Your goal :: From the records below, print only the part that opens with the line containing "到达现场后,消防官兵通过快速" and closes with the line containing "由香港青年發展委員會資助,粵"; omit the pictures.

Supplied material ::
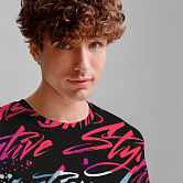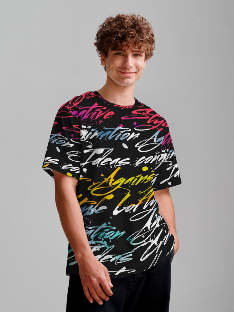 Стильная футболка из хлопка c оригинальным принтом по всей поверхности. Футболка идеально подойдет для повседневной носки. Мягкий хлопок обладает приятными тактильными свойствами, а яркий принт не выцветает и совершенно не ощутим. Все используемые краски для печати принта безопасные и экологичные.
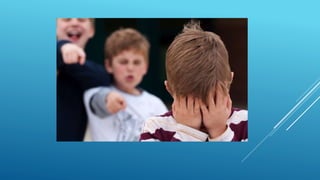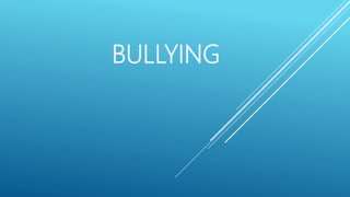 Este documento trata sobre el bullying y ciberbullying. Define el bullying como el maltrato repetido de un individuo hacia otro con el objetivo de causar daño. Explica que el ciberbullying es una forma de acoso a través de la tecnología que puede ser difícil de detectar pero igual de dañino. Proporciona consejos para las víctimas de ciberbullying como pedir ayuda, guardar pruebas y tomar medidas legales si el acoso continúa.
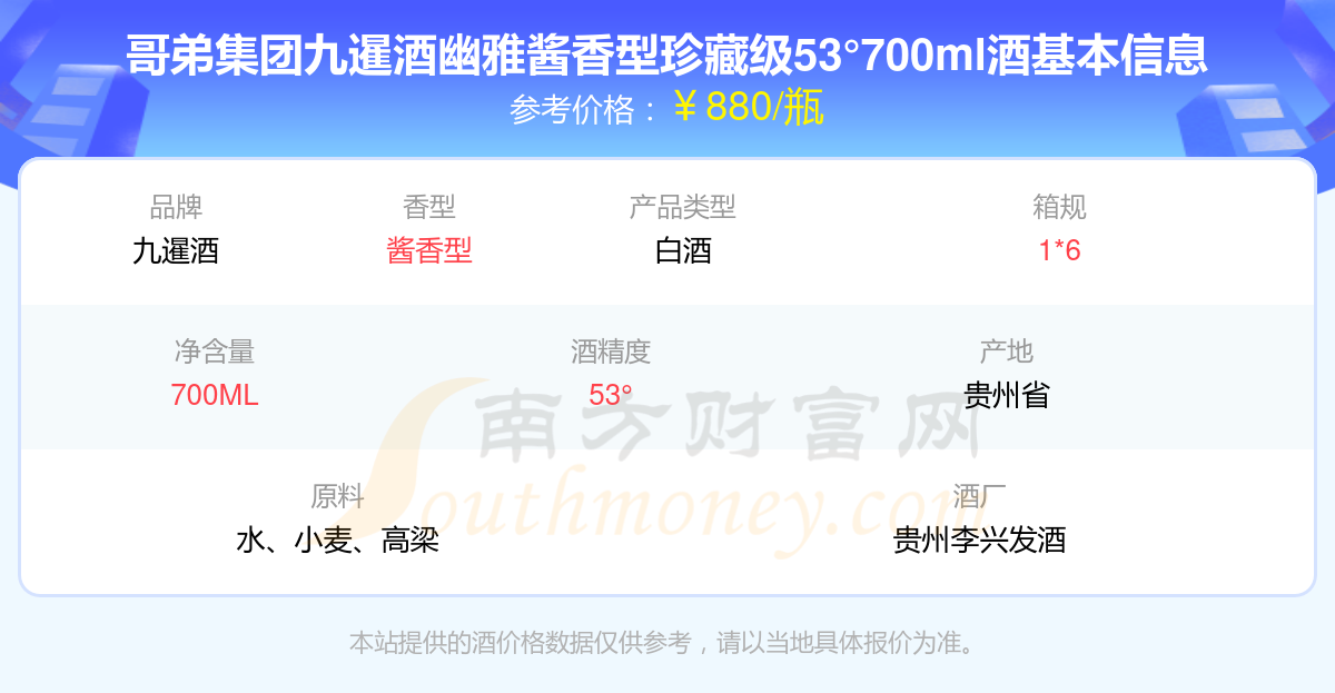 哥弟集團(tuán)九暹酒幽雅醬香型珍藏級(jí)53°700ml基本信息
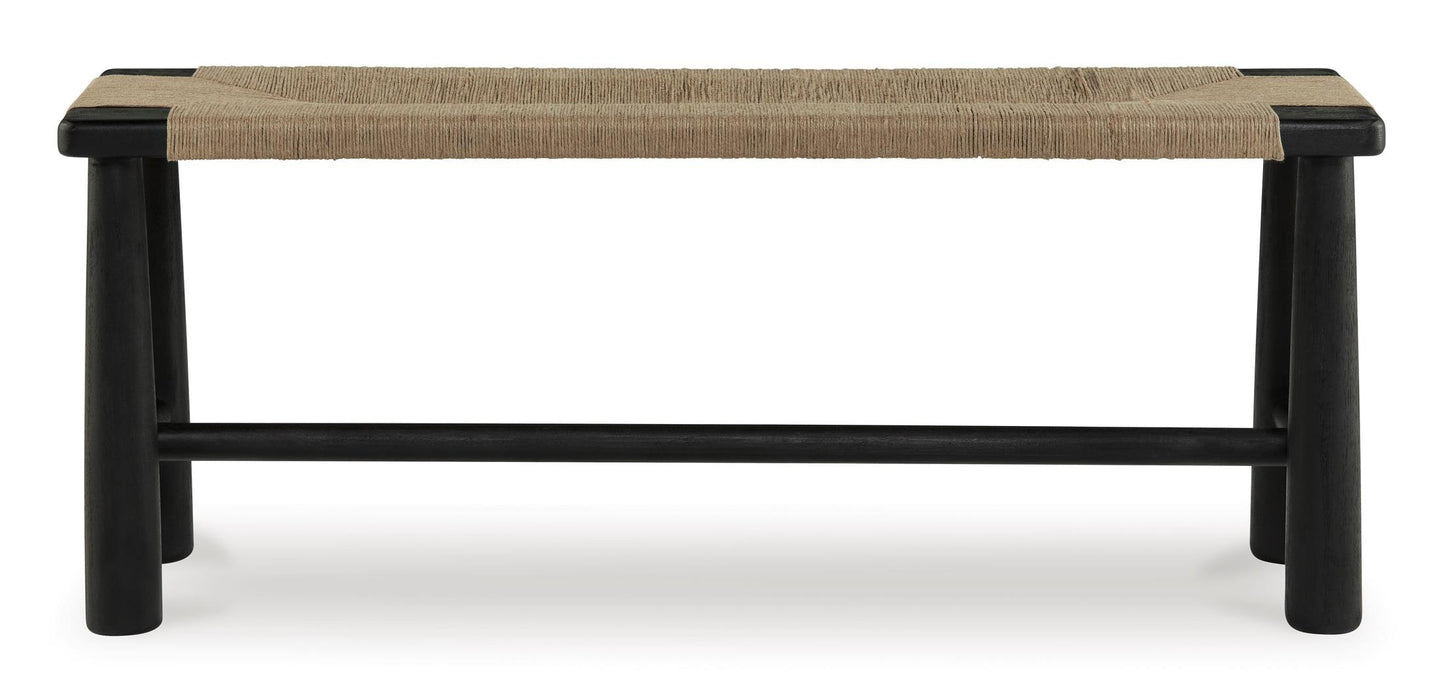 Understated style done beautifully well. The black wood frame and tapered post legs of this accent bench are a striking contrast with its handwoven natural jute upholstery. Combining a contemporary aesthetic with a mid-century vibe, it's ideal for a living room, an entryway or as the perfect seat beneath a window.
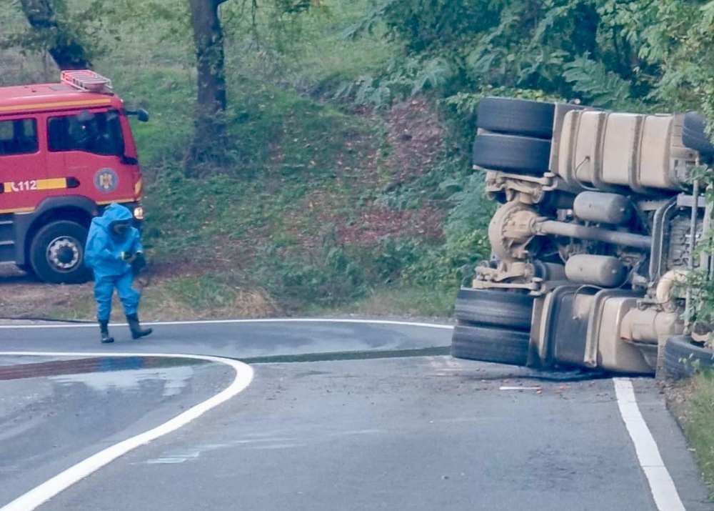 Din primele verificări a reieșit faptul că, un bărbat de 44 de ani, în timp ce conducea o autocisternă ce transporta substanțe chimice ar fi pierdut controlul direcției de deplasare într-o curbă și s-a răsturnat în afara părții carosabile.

---

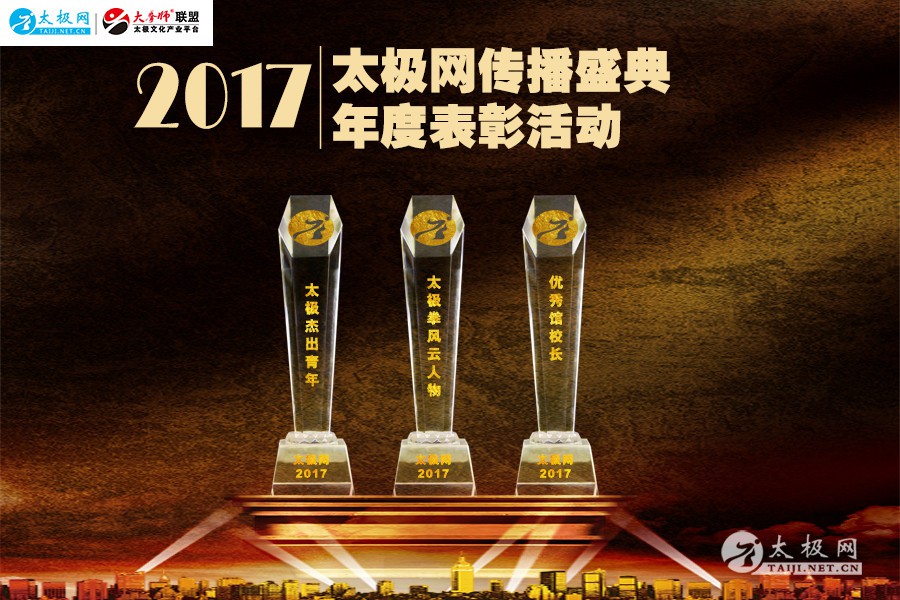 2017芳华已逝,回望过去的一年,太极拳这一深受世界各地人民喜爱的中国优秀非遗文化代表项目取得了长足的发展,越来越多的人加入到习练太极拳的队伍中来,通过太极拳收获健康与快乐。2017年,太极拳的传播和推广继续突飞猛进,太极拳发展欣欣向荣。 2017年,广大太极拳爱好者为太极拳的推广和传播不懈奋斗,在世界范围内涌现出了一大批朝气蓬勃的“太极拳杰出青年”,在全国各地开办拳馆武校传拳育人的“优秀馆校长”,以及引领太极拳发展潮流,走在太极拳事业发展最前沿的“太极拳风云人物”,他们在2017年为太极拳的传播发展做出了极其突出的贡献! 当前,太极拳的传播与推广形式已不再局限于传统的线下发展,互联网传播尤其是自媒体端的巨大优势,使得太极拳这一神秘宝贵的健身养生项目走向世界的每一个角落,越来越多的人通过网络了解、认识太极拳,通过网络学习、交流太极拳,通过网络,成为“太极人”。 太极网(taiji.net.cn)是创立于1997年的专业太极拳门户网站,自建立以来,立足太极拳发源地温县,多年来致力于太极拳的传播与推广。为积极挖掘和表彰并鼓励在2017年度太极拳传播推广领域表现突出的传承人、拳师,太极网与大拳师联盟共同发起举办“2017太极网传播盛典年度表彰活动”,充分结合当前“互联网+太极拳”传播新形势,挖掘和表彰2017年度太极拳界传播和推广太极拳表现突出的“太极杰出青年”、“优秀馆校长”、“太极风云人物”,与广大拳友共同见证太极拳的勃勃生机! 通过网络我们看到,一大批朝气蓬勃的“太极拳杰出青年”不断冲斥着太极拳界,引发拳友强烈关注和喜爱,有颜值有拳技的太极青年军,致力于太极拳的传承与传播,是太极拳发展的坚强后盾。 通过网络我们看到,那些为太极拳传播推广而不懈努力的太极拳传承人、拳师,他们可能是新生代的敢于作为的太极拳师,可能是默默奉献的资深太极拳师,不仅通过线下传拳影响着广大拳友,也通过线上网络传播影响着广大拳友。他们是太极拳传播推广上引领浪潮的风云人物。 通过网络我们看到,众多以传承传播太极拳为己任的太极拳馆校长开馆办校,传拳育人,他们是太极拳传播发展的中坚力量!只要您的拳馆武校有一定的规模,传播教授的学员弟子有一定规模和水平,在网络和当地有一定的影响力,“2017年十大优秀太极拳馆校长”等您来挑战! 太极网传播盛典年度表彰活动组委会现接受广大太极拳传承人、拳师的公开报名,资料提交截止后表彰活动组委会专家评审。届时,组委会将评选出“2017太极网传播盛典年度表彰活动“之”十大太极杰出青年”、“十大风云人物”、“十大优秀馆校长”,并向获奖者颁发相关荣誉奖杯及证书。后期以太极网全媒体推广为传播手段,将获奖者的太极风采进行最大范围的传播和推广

==

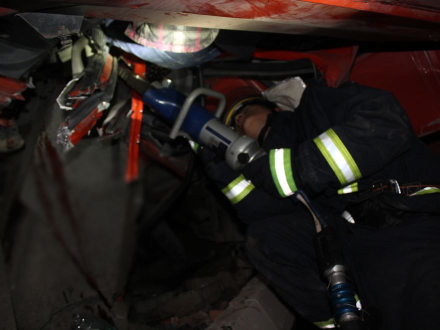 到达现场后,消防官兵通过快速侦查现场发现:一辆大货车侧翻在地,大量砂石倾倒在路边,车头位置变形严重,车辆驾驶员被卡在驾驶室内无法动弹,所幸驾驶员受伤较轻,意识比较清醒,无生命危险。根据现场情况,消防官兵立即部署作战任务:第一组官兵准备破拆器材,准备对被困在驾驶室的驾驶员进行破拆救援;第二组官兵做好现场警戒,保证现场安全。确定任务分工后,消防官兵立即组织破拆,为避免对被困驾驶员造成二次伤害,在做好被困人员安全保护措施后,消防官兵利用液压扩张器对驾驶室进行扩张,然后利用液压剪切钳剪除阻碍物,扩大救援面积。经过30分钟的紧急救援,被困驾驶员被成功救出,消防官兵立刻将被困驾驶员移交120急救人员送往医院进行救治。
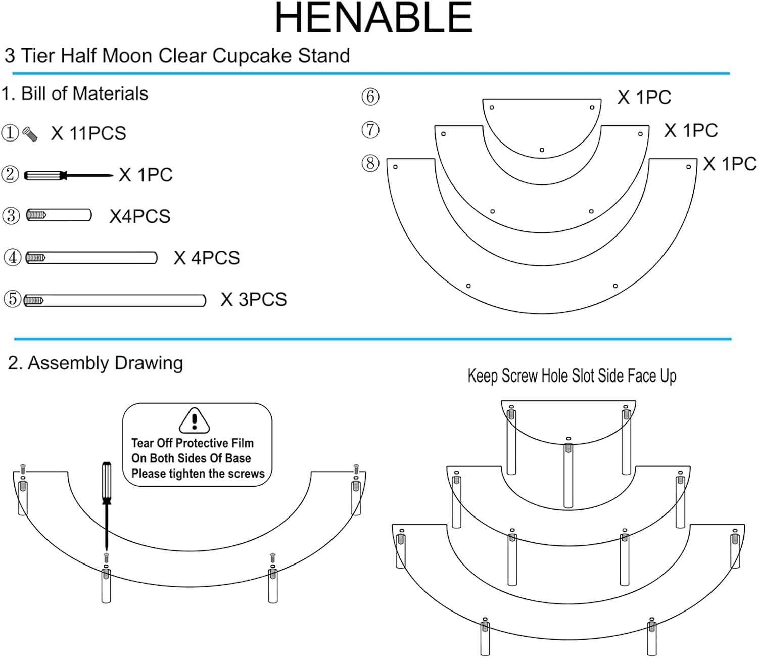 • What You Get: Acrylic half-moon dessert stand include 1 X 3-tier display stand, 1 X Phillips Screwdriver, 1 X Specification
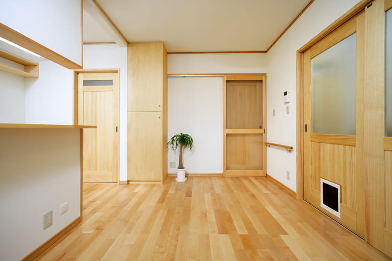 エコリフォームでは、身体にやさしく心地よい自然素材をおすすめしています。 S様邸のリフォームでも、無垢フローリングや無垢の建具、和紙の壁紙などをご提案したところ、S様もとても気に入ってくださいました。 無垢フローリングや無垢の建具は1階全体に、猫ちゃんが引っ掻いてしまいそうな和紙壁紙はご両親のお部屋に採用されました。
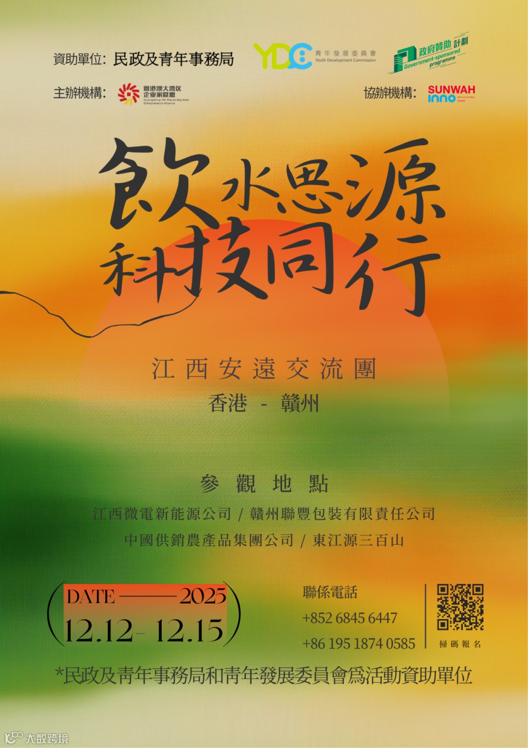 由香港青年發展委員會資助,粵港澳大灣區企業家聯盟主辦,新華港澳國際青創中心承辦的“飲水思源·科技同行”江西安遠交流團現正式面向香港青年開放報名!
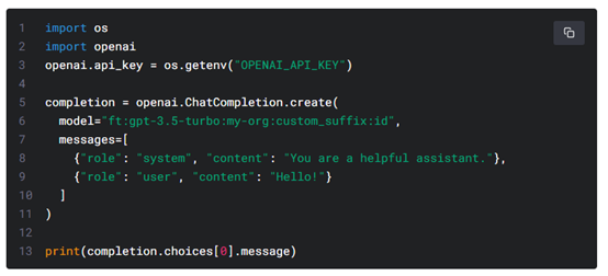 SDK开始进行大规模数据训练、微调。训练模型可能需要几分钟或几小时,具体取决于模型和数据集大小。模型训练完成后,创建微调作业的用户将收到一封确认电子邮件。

Result of the exercise ::
 到达现场后,消防官兵通过快速侦查现场发现:一辆大货车侧翻在地,大量砂石倾倒在路边,车头位置变形严重,车辆驾驶员被卡在驾驶室内无法动弹,所幸驾驶员受伤较轻,意识比较清醒,无生命危险。根据现场情况,消防官兵立即部署作战任务:第一组官兵准备破拆器材,准备对被困在驾驶室的驾驶员进行破拆救援;第二组官兵做好现场警戒,保证现场安全。确定任务分工后,消防官兵立即组织破拆,为避免对被困驾驶员造成二次伤害,在做好被困人员安全保护措施后,消防官兵利用液压扩张器对驾驶室进行扩张,然后利用液压剪切钳剪除阻碍物,扩大救援面积。经过30分钟的紧急救援,被困驾驶员被成功救出,消防官兵立刻将被困驾驶员移交120急救人员送往医院进行救治。
 • What You Get: Acrylic half-moon dessert stand include 1 X 3-tier display stand, 1 X Phillips Screwdriver, 1 X Specification
 エコリフォームでは、身体にやさしく心地よい自然素材をおすすめしています。 S様邸のリフォームでも、無垢フローリングや無垢の建具、和紙の壁紙などをご提案したところ、S様もとても気に入ってくださいました。 無垢フローリングや無垢の建具は1階全体に、猫ちゃんが引っ掻いてしまいそうな和紙壁紙はご両親のお部屋に採用されました。
 由香港青年發展委員會資助,粵港澳大灣區企業家聯盟主辦,新華港澳國際青創中心承辦的“飲水思源·科技同行”江西安遠交流團現正式面向香港青年開放報名!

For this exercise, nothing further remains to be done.